::: Exercise data :::

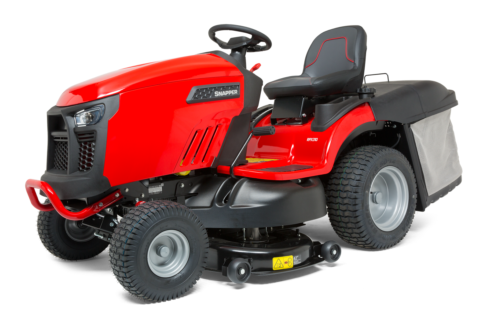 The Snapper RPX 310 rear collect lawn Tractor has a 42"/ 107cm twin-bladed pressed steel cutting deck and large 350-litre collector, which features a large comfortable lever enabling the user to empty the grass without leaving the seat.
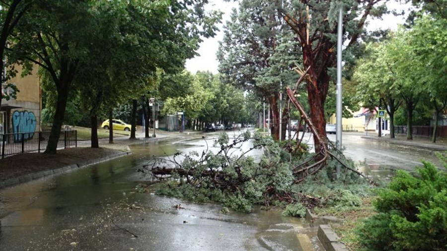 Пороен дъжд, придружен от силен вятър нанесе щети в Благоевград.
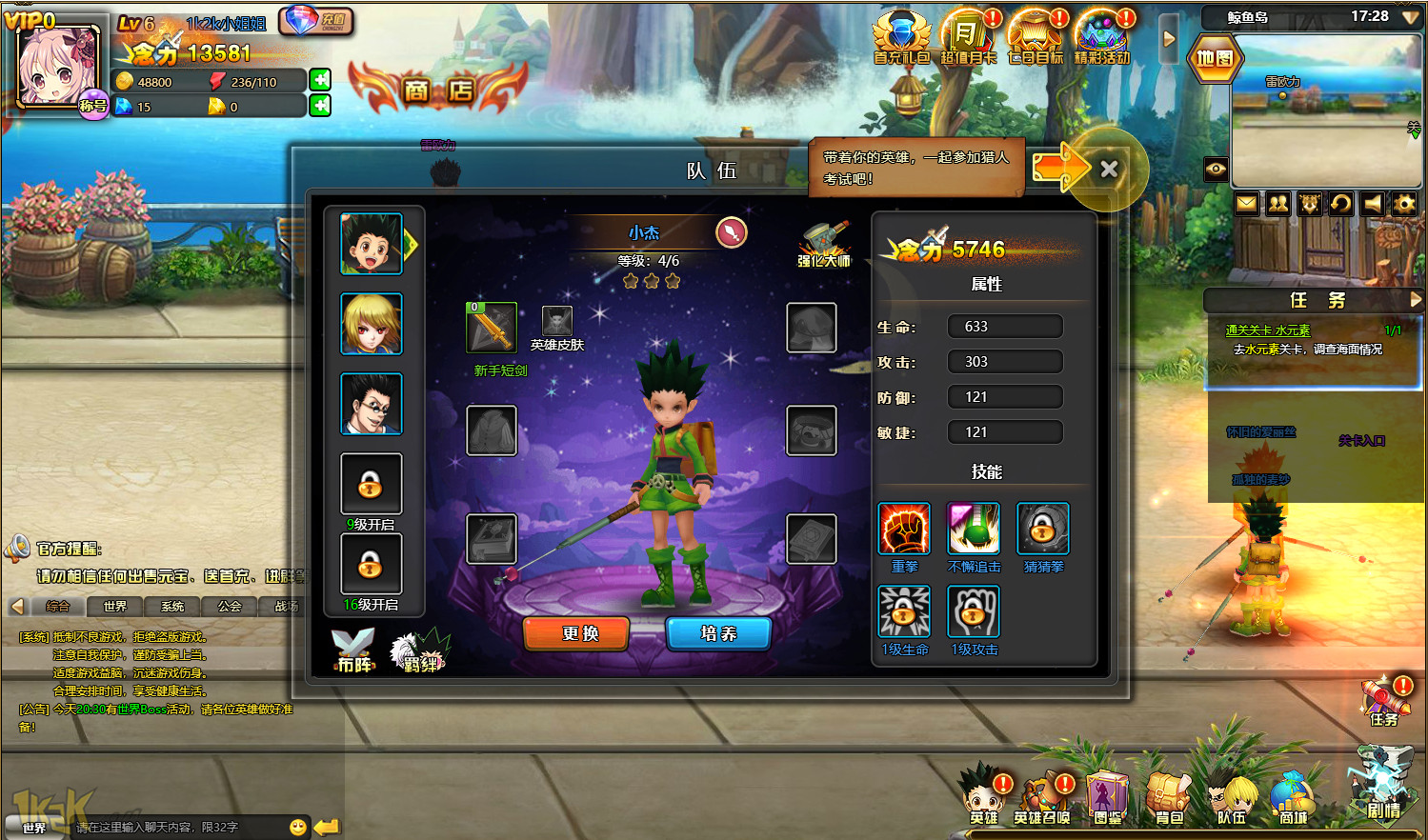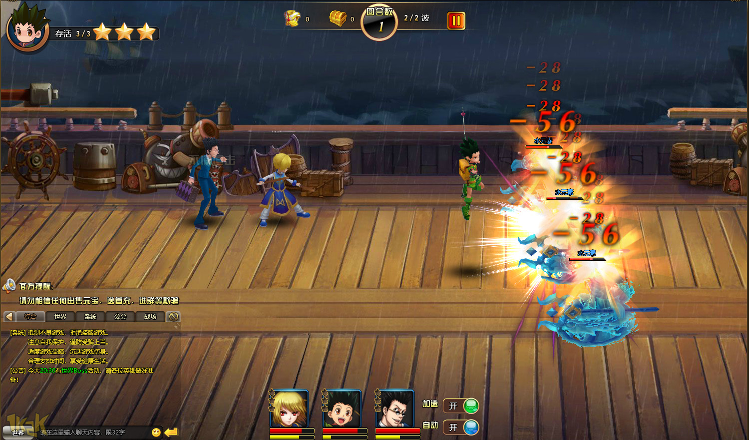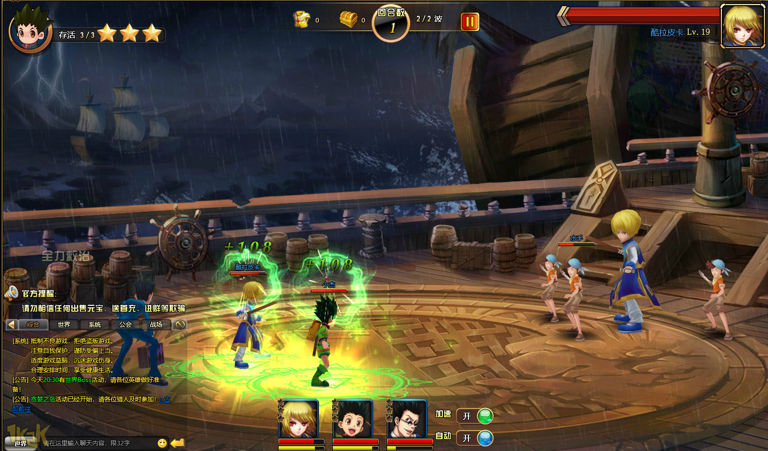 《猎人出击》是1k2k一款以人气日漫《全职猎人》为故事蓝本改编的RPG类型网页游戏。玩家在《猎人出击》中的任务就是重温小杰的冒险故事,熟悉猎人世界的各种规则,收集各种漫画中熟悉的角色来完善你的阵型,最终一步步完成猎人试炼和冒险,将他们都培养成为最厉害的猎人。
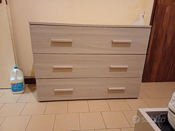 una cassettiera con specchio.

:::
::: Exercise data :::

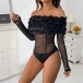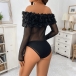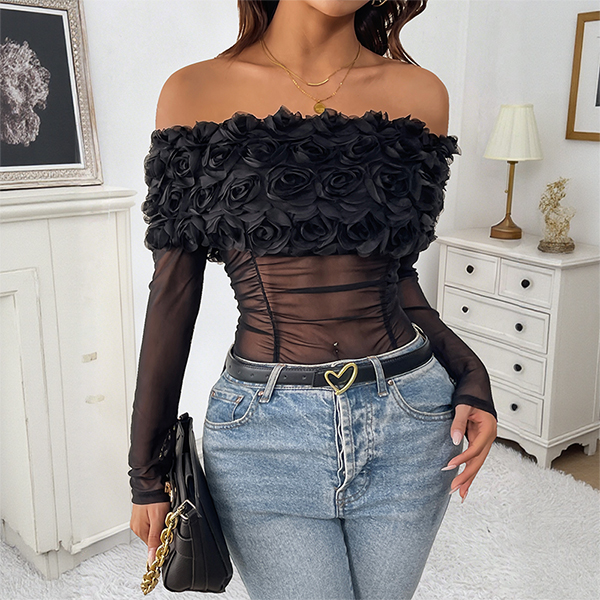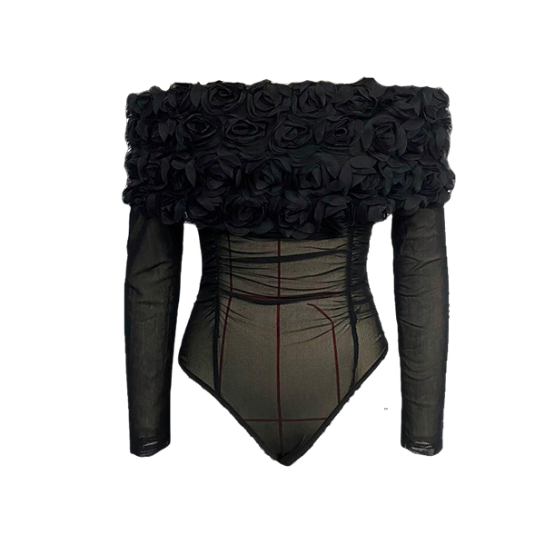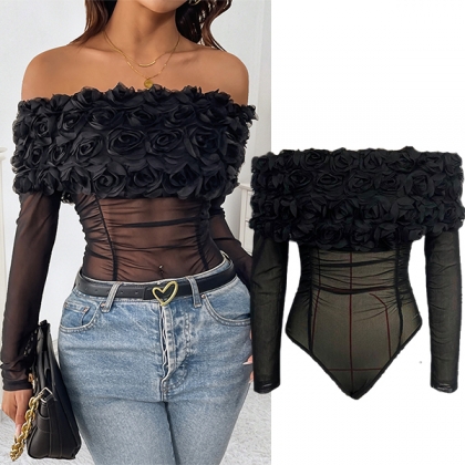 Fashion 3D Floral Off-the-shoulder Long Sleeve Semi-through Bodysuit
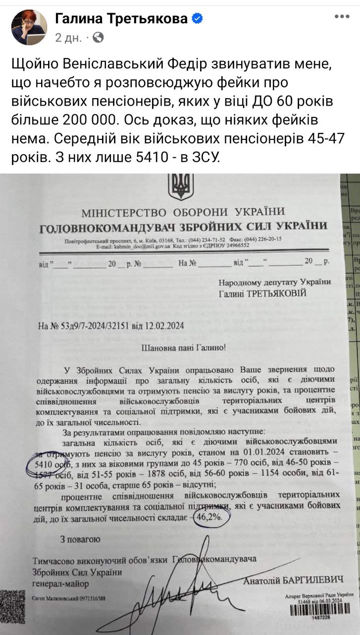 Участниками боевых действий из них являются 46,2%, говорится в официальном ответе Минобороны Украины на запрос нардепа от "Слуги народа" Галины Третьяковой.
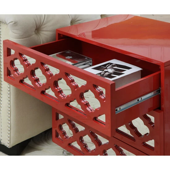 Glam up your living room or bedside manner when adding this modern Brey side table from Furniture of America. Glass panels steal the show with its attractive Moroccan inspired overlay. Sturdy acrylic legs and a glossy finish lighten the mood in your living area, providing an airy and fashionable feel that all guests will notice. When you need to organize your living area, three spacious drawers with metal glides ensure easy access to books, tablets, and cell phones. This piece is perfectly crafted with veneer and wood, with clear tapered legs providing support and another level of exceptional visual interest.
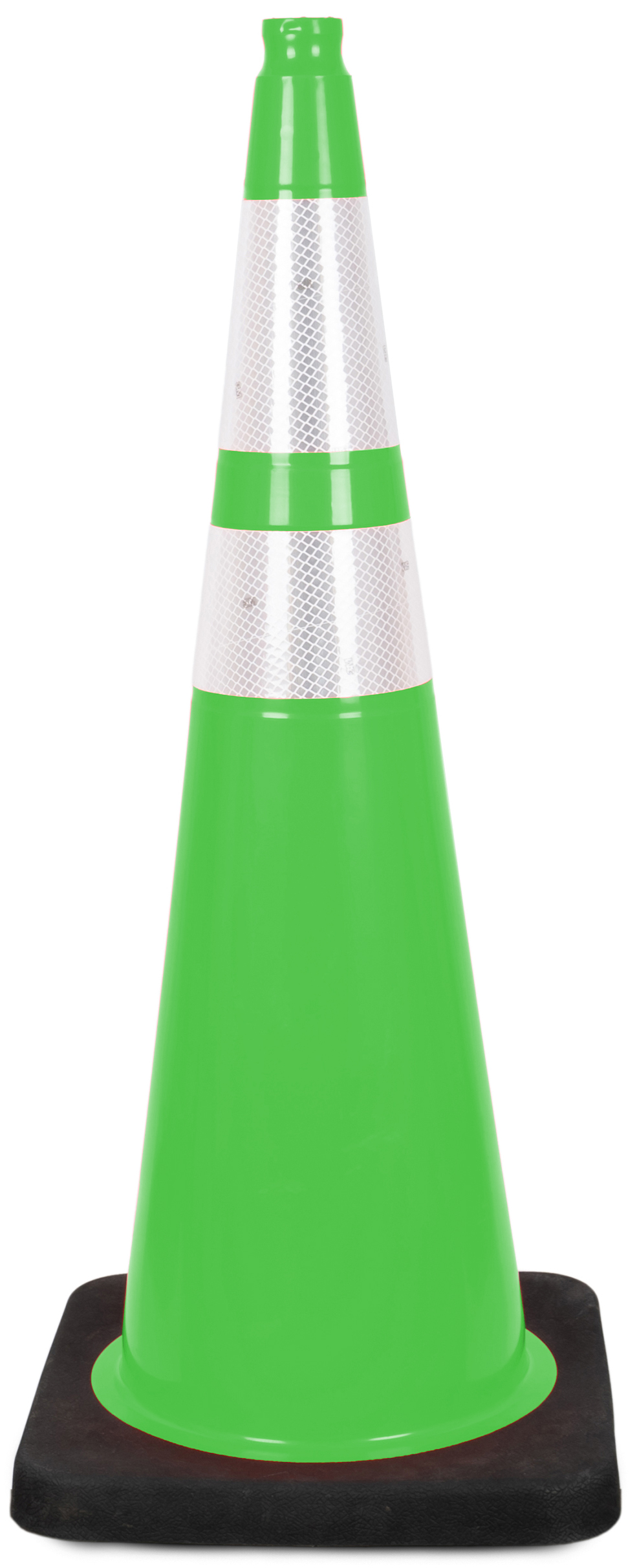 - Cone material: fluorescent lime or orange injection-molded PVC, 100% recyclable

:::
::: Exercise data :::

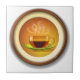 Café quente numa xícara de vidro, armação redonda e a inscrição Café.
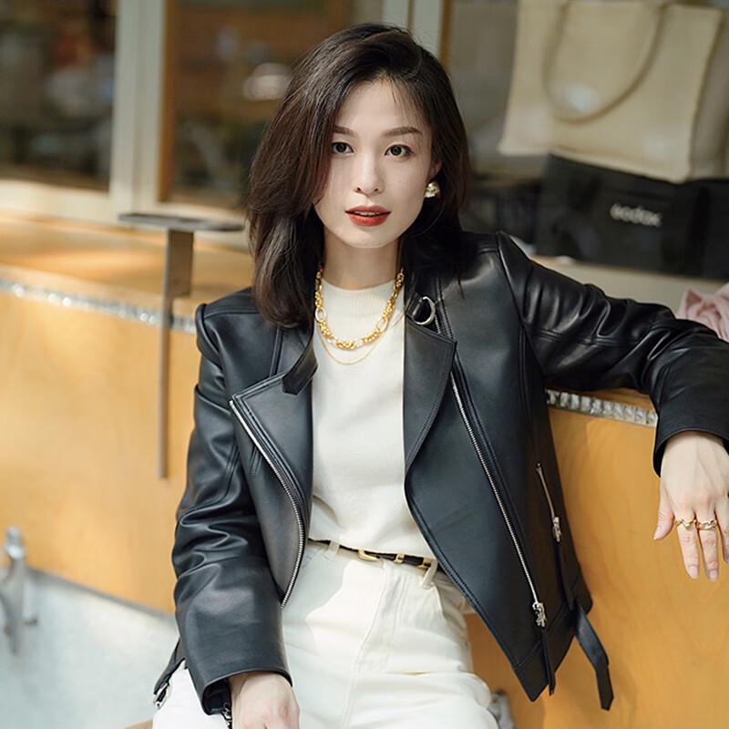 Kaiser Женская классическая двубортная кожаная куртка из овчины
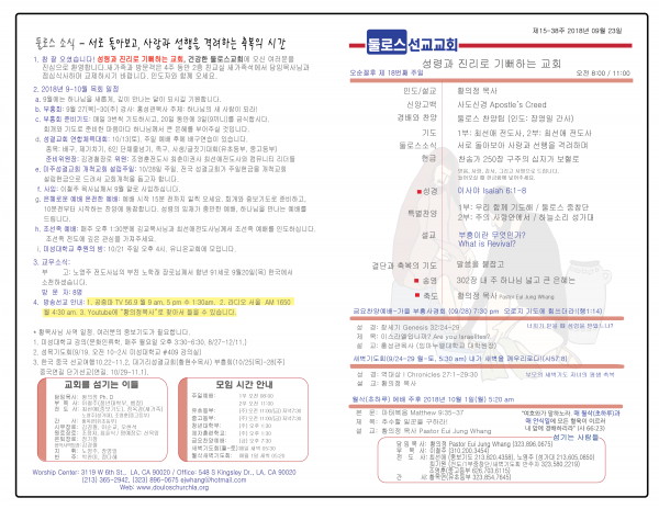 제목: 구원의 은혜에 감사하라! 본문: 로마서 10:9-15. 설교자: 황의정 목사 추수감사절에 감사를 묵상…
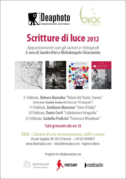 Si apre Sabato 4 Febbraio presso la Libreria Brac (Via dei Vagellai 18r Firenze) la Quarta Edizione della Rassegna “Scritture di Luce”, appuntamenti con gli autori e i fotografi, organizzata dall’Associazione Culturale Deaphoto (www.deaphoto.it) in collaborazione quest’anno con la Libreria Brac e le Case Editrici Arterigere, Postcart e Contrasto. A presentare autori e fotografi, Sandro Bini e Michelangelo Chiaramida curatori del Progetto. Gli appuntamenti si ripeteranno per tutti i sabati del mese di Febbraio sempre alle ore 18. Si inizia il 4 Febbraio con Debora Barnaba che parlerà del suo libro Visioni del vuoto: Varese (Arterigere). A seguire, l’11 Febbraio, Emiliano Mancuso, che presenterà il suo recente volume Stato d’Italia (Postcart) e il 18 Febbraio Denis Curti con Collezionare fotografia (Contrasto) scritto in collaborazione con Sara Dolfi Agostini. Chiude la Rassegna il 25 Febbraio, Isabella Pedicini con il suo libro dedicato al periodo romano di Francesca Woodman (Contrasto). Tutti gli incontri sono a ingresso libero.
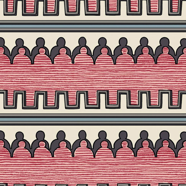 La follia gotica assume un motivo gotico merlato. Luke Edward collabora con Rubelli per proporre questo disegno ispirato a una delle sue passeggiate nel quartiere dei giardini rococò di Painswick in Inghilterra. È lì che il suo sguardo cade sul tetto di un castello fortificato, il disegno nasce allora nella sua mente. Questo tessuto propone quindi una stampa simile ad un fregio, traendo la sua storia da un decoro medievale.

:::

Task objective: Everything from the line with "The Snapper RPX" down to the line with "una cassettiera con specchio." in the data above should be copied exactly, with both end lines kept and the pictures left out.

Solution for this exercise:
 The Snapper RPX 310 rear collect lawn Tractor has a 42"/ 107cm twin-bladed pressed steel cutting deck and large 350-litre collector, which features a large comfortable lever enabling the user to empty the grass without leaving the seat.
 Пороен дъжд, придружен от силен вятър нанесе щети в Благоевград.
 《猎人出击》是1k2k一款以人气日漫《全职猎人》为故事蓝本改编的RPG类型网页游戏。玩家在《猎人出击》中的任务就是重温小杰的冒险故事,熟悉猎人世界的各种规则,收集各种漫画中熟悉的角色来完善你的阵型,最终一步步完成猎人试炼和冒险,将他们都培养成为最厉害的猎人。
 una cassettiera con specchio.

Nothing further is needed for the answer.